The arrangement you wish does not seem feasible.
If by "dim" star you mean a star that is dimmer than our sun, you are probably thinking of a red dwarf. Such stars are thought to be far from habitable, because:
- The habitable zone around them requires a tidal lock;
- They are usually flare stars, which means the star facing side of planets in the habitable is toast;
- They vary their luminosity a lot. Even then, it is mostly infrared. Those stars have an average surface temperature of 1700K (compare with ~5600K of the Sun).
- The proximity to the star means that the star's own magnetic field will probably overcome the planet's, meaning little to no protection from solar wind, meaning no atmosphere.
If that is not discouraging enough: if a binary system has evolved in a way that has caused one star to be much brighter larger than the other, then it is most likely a semidetached system. That's because in general bright stars are young, dim ones are old (this is a very base supergeneralization), and if two stars close to each other have different ages, they most likely have formed in different zones and are probably not orbiting each other. For them to orbit each other the younger, most massive one should capture the older one, and such captures are more likely to happen at the galactic core (because you can't capture alone, you need a third body and that's where you find a lot of stars in close space) - where excess radiation is hazardous to life as we know it. So, if two stars are orbiting each other and one is much brighter than the other, they probably formed together and evolved to be like this:

The dimmer one in this case is the one to the right. The one to the left is colder, but its sheer size gives it more shining area, and therefore more luminosity.

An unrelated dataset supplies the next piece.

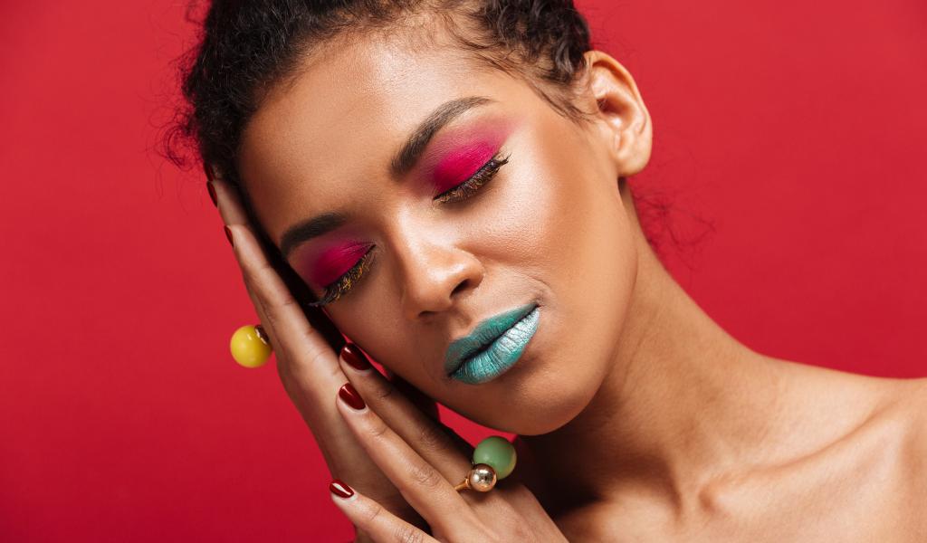 Обои Девушка с ярким макияжем на красном фоне

This does not bode well for your planet. If it orbits in a plane that allows for an eclipse, it will cross the mass transfer stream when it forms. That will either decellerate the planet into crashing onto the smaller star, or fling it away from the binary. But not without causing it to be torn apart first. Not from the collision, but due to gravity!
In your previous question about six-month periods of darkness, I gave you an answer which I think is far more feasible and which does not depend on a binary system. I think you should consider that one.